Kidd (2010) set out to define the definition of an adult learner and how online education impacts them. Adult learners are not considered a traditional college student due to their varying life circumstances. Traditional college students have less to balance than an adult learner with a career, spouse, children, and different goals for their education. The article uses the University of Central Florida as an example of the positives of online adult education. The University of Central Florida found that their school was going to meet their capacity of students at their main Orlando campus. The university decided to spearhead an online learning initiative to meet the needs of the local growing region. It has caused a shift from focusing on reaching the school’s capacity to meeting the demands of a growing online population. When the online adult learners were questioned regarding their reasons for their satisfaction with online learning, they gave the following answers: reduced ambiguity, enhances student sense of value in courses, reduced ambivalence, clarified rules of engagement, more individually responsive learning environments, improved interaction, augmented learning, and increased freedom. However, online education is not without its own set of challenges. Adult learners have more things to balance and must make time to devote to their studies. They also have to learn how to succeed and interact in their classes without ever meeting face-to-face. The students’ primary form of communication would be through discussion posts, which gives everyone a chance to voice their opinions. It can also cause points of views to be misinterpreted and heated debates to dominate the discussion post. However, as the generations and technology changes with a reliance on the internet, the way education is seen will change to help accommodate those with a desire to learn.

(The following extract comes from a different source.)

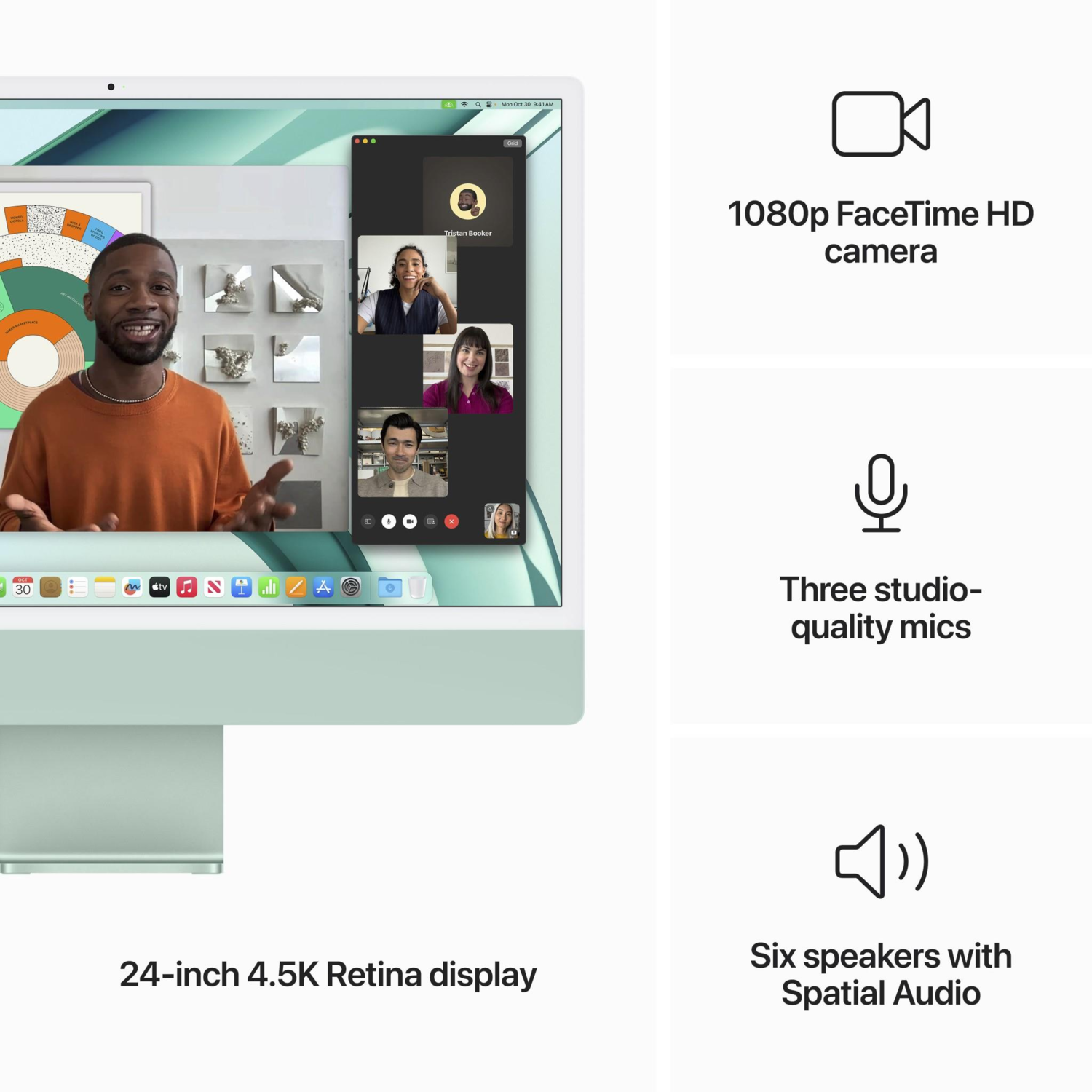 From vibrant green to bold blue, the iMac offers an array of colours to suit your style. Its sleek, ultra-slim 11.5-millimetre all-in-one design, made possible by Apple silicon, is complemented by striking colour-matched wallpapers, making the iMac a stunning addition to any space.

Wang (2010) used an earlier article to show the effects online education has had on career and technical education. Career and technical education has seen an increase in enrollment in both undergraduate, graduate, and doctoral online programs. Students of all ages have started to see the flexibility that comes from taking online courses. Students who would have not enrolled, due to opportunity or circumstances, are now being given the options to complete their programs online. Colleges are now also offering classes for training and re-training programs online. The number of online programs being offered has increased every year to match the demand of students. The learners are able to learn at their own pace and complete their classroom on their schedule. They are not confined to a classroom for so many hours or days a week. They are also able to learn how they learn best whether it be through reading out of a textbook, watching videos, or listening to a lecture. The students in the online programs come from all different areas of life. A student might be across the country who has just finished high school or their undergraduate program, or they could be your neighbor down the street who has decided to go back to school to finish or expand on their education. In an online classroom, each student can learn from the life experiences of their fellow classmates through online discussion posts and group projects. The number of programs offered are unlimited and the type of people taking the classes are also varied which makes online education a great option for so many people.